An advantage, I think, of hunter-gatherer religions over most modern religions is that the play element is more overt, less hidden. Hunter-gatherers don' t seem to be bothered by the fact that many of their religious stories contradict one another. They don't seem to be bothered by the fact that neighboring bands have quite different gods and stories from their own. When a hunter-gatherer moves from one band to another, as frequently happens, he simply adopts the religion of his new band-- it's no big deal. As far as I have been able to discover, no hunter-gatherer ever bemoans the fact that his son or daughter has married someone from a different religion and the grandchildren will be raised in that religion. As far as I have been able to discover, no hunter-gatherer has ever fought or killed anyone because of differences in religious belief. The serious, deadly aspects of religion-- things like the sacrificing of virgins to angry gods-- seem to have come with agriculture.

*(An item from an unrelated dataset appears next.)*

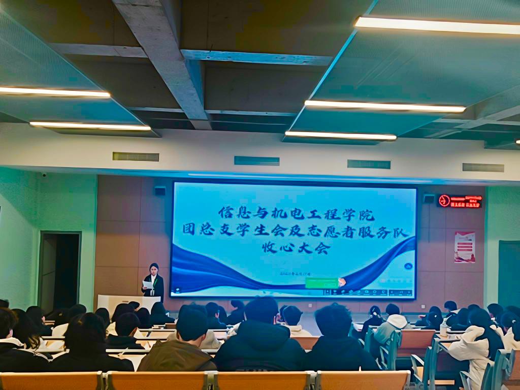 本网讯 (通讯员 李文斌/文 蔡浩文 谢天禹 覃美君/摄) 2月19日晚,公司于B-214教室举办新学期团总支员工会及志愿者服务队收心大会。本次大会由公司员工会综合办公室熊小意主持,公司党总支副书记王大专出席会议,公司团学组织全体员工干事参加会议。

Susan Kent, an anthropologist, wrote an article summarizing the unifying characteristics of all known hunter-gatherer cultures. Among them she listed a high degree of playfulness, a high degree of egalitarianism, and "beliefs and values that are fluid and non-dogmatic."
Perhaps my view that religion is play merely represents a limitation in my own thought capacity. To me, religion only makes sense if it is play . In religion, people talk about the choice to believe. People talk about faith -- which literally means belief without evidence. What can that possibly mean, if not play?
Many religious people talk about having a personal relationship with god ; a god with whom they carry on dialogues and through whom they gain insights and find courage and values.
How is that different from an imaginary friend?
To suggest that God is an imaginary friend is not to demean the concept of God. Imaginary friends are extremely important.
I myself have a number of imaginary friends, who validate my choices, and cheer me on, and encourage to do things that are difficult. I also have a number of imaginary critics, who hear my thoughts and see my deeds and cast doubt in my mind. They help to keep me in line.
I don' t refer to these imaginary friends and critics as God, but I could; and if I did I would be a religious man.
Sonnet to a Playful God
In play we learn to think in ways most clear.
In play with others we resolve our strife.
In play we laugh at what provokes our fear.
In play we soar above our routine life.
In play we learn to follow rules we share,
Assert our selves while making others smile.
In play what's right is what to all is fair.
In play it's fun to go the extra mile.
And so to you, the god of play, we pray,
Please keep our ludic spirit's liveliness.
As we approach the trials of each day,
Protect us from our over-seriousness.
From dust to dust we all end up the same.
What counts in life is how we play the game.